Seeing Each Other in the Darkness
Parshat Bo (Exodus 10:1-13:16)
Have you ever stood in the same room as someone else, only to realize you’re living entirely different experiences—one in light, the other in darkness?
“No one could see anyone else or move about for three days. Yet all the Israelites had light in the places where they lived.” (Exodus 10:23)
This week’s reading describes a darkness unlike anything earlier in the plagues. It does not break objects or bodies. It breaks connection. The Egyptians cannot see one another; they cannot move toward one another. The Torah hints at a blindness deeper than eyesight—an isolation that freezes the human heart.
The Israelites, however, “had light in all the places where they lived.” As the commentator Or HaChaim notes, the Torah doesn’t say they had stronger vision—it says they had light. Their illumination was not merely physical; it was relational. They could see and be seen.
Jewish tradition deepens this contrast. The Midrash describes Egypt’s darkness as spiritual blindness—an inability to perceive another person’s humanity. And the Beit HaMikdash (Holy Temple) in Jerusalem offers a counter-image: its windows were narrow on the inside and wide outside, built not to draw in light but to shine it outward. True spiritual light begins within a person or a community, then radiates outward.
Chassidic philosophy echoes this idea with a teaching from the Talmud (Chagigah 12a): that there is a form of light “not dependent on the sun”—an inner radiance that comes from awareness of the divine spark within every human being. When a person sees others through that lens, their presence becomes a kind of light for those around them.

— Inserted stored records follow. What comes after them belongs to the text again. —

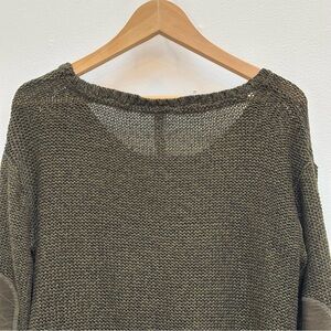 Lord & Taylor Design Lab Marled Knit Elbow Patch Sweater Academia Olive Green L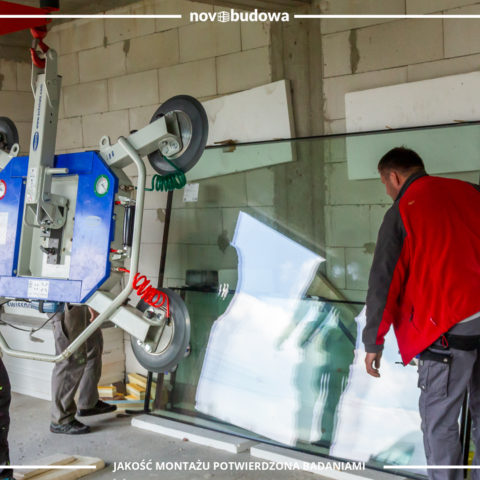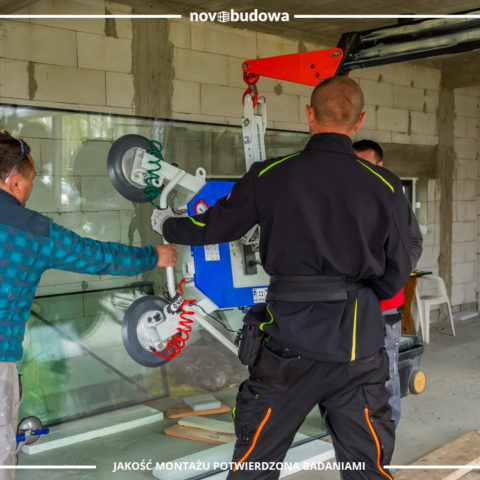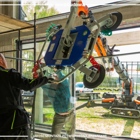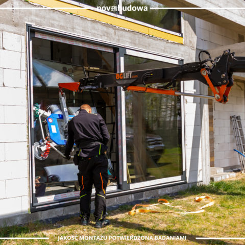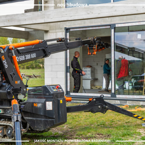 Montaż mechaniczny z wykorzystaniem kątowników montażowych, kotew systemowych, śrub ramowych oraz szyn perforowanych typu V. Transport i montaż ciężkich konstrukcji z wykorzystaniem mini-żurawia BG LIFT M250, który przy tej budowie miał trochę pracy 😉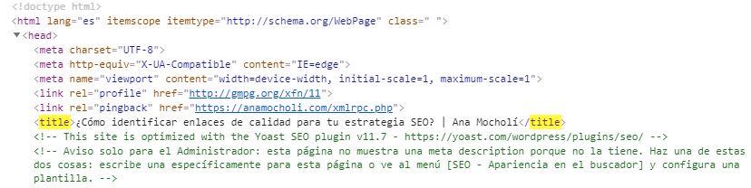 Este es el principal, tiene una relación directa con el posicionamiento SEO y debería ser único. Es decir, cada url de tu página debería tener su propio title. Si tomamos como ejemplo mi web, el inicio tiene un title, la parte de blog tiene otro title y cada artículo también tiene el suyo propio.Es cierto que en algunas circunstancias como la paginación o las búsquedas podría ser una excepción, o generarse de forma automática y que en el texto del title se muestre la paginación o similar.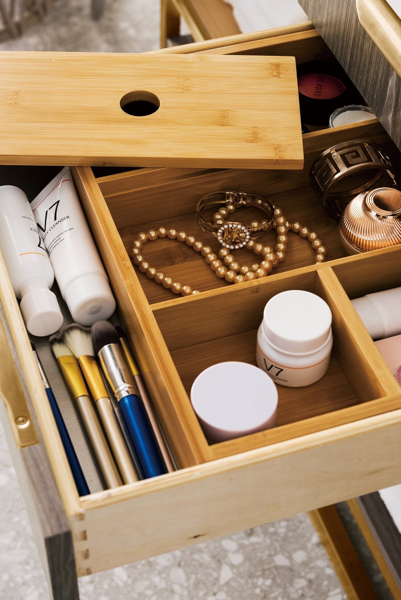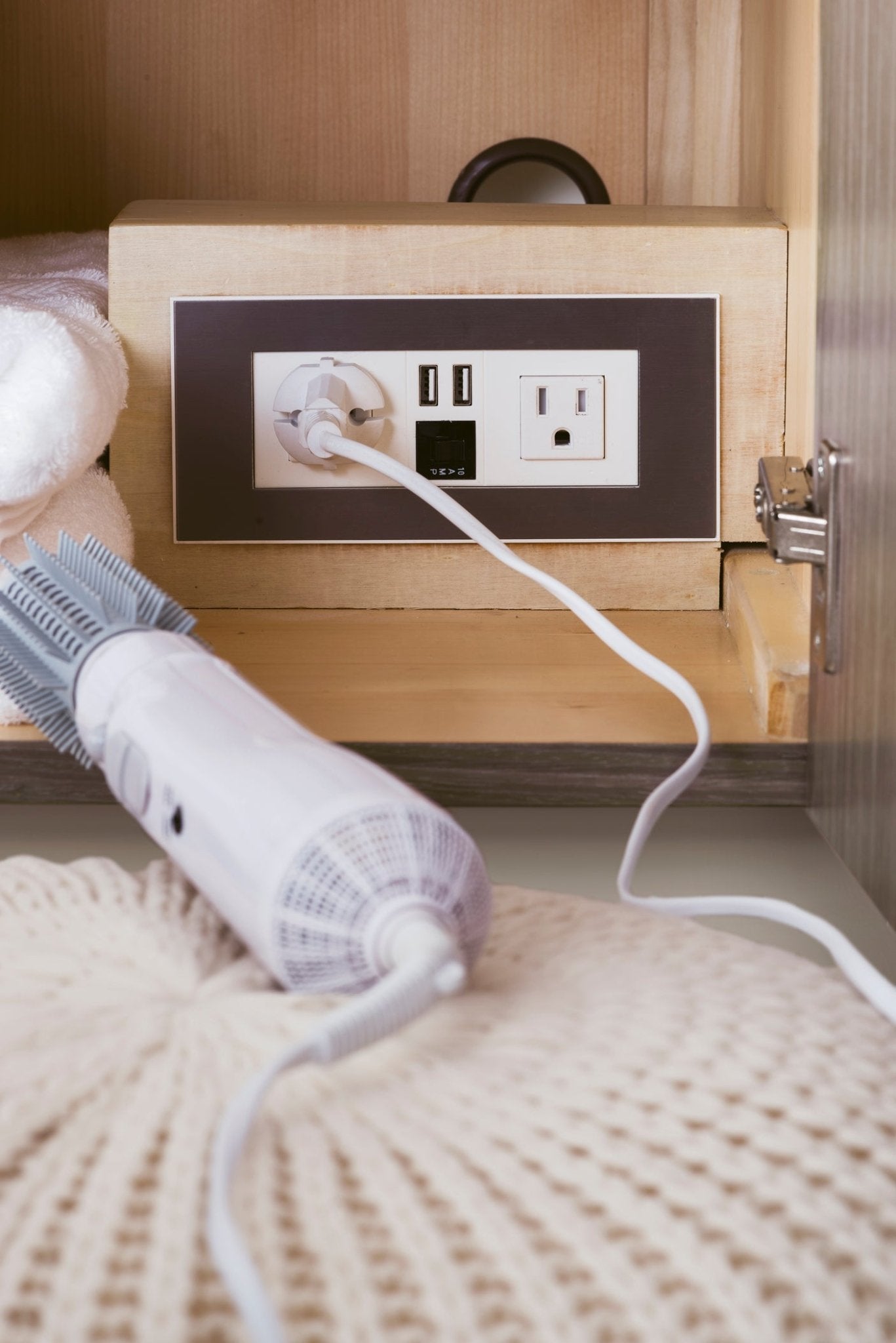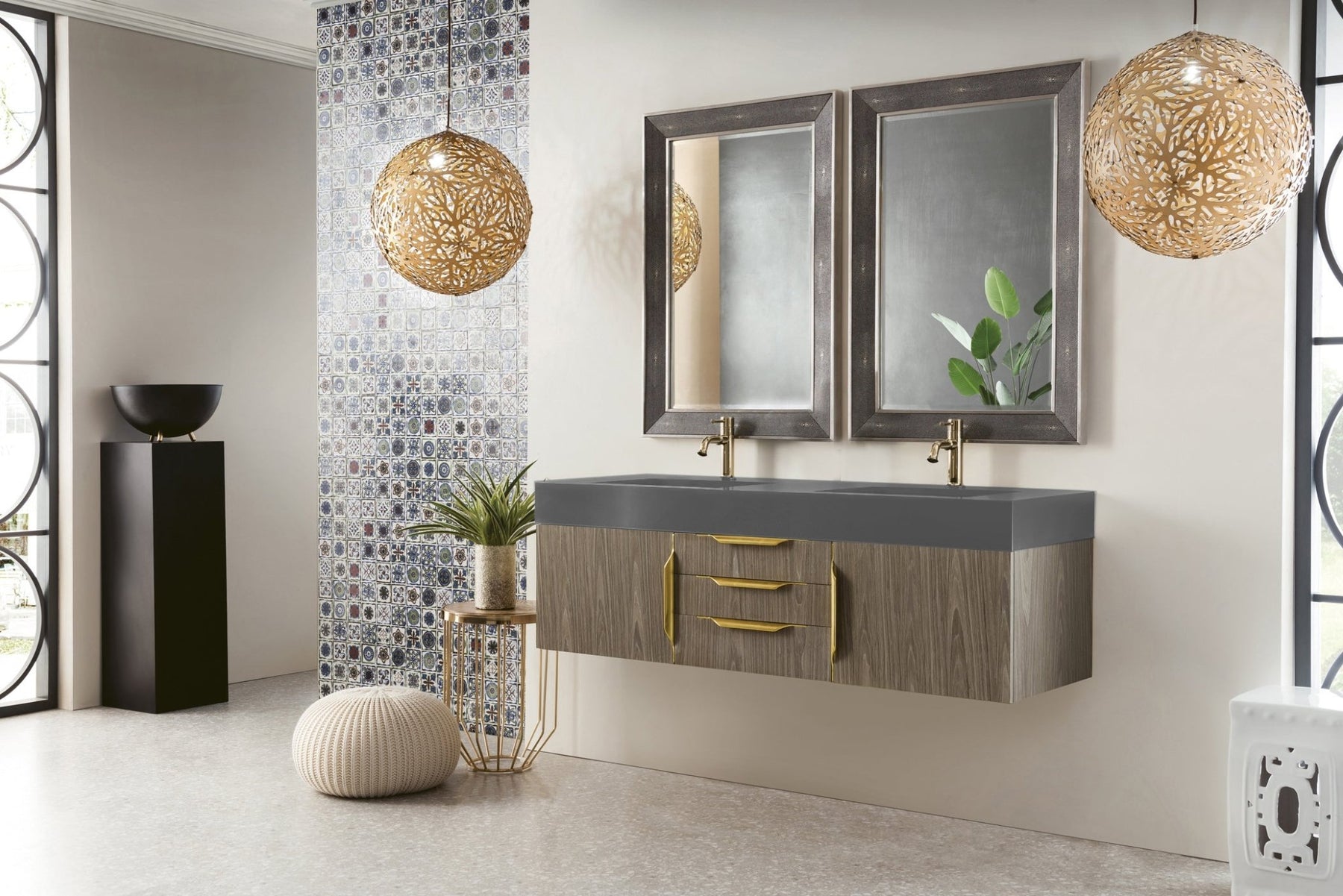 The Mercer Island 59" Ash Gray Double Vanity offers maximum storage with two soft-closing doors, three soft-closing drawers, and lower shelf space. This cabinet includes premium features such as one solid bamboo drawer organizer and one 120 Volt UL Rated electrical component with two electrical and two USB outlets. Cabinet includes Radiant Gold door and drawer pulls. Dusk Grey Composite Stone countertop with integrated sink included. This wall-mounted vanity includes heavy duty mounting brackets to create a modern look.

Darkness, in this sense, is not the absence of daylight but the absence of attention. When people stop noticing one another, they begin living in separate worlds, even while standing side by side.
We experience this today in quieter forms:
Walking past a colleague lost in your own worries.
Missing the loneliness behind a friend’s polite smile.
Failing to see the exhaustion on the face of a parent, child, or spouse.
It is entirely possible to share space yet live in different emotional weather—one in dusk, the other in daylight.
This isn’t just ancient history. Our own inwardness can create its own Egypt. And our capacity to attend to one another—to look up, look in, and look out—creates light “in the places where we live.”
The parable of the Temple windows offers a path forward. If inner light is meant to shine outward, then small acts of presence become spiritual architecture:
A phone call to someone who’s been unusually quiet.
A warm message sent without an occasion.
Meeting a loved one’s eyes and really listening.
Even when we feel unseen, offering light to others can soften the darkness within us. Light, the sages teach, grows by being shared.
Chassidic teaching adds this gentle reassurance: you don’t need to fix the whole room. Even a narrow window lets light through.
Where in your life is someone waiting to be seen?
And what single gesture of attention could bring a little more light into their world—and yours?
May our attention create light for others, and may we discover that in brightening someone else’s world, new light quietly returns to our own.